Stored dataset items
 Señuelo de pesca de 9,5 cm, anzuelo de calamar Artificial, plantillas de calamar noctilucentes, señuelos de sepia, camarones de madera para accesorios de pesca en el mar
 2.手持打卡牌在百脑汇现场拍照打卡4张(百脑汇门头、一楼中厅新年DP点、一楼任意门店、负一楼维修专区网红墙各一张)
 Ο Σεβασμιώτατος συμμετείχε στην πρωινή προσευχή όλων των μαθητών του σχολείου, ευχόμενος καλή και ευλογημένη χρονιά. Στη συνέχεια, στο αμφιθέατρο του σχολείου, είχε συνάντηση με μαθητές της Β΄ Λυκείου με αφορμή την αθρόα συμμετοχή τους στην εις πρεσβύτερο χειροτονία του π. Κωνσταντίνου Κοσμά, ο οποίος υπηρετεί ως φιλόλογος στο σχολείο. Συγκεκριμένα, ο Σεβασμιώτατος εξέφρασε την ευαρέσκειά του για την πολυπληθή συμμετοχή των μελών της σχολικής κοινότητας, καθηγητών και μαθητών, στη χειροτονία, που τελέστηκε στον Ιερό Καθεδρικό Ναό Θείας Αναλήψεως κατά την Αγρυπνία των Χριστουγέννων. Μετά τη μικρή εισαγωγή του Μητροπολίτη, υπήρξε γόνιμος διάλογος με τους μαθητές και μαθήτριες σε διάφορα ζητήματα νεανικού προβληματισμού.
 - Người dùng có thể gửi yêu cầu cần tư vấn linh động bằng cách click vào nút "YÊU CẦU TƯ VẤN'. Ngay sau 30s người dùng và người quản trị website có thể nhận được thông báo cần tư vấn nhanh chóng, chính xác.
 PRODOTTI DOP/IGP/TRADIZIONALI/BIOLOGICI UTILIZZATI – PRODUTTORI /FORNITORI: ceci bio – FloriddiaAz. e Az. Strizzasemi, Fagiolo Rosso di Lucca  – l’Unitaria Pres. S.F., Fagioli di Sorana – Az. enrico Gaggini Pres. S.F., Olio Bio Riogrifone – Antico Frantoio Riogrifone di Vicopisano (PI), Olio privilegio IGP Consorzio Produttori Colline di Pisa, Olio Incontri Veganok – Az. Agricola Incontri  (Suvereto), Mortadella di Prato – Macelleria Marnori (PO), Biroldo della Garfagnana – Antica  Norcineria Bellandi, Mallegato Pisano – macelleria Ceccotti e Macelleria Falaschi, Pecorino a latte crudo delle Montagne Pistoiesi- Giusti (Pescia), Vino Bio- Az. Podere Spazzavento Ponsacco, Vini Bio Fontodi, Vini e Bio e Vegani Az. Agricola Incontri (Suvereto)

■ Work task ■
Starting with the first line of the records above, give back each line exactly until the line with "2.手持打卡牌在百脑汇现场拍" has been given as well.

■ Worked solution ■
 Señuelo de pesca de 9,5 cm, anzuelo de calamar Artificial, plantillas de calamar noctilucentes, señuelos de sepia, camarones de madera para accesorios de pesca en el mar
 2.手持打卡牌在百脑汇现场拍照打卡4张(百脑汇门头、一楼中厅新年DP点、一楼任意门店、负一楼维修专区网红墙各一张)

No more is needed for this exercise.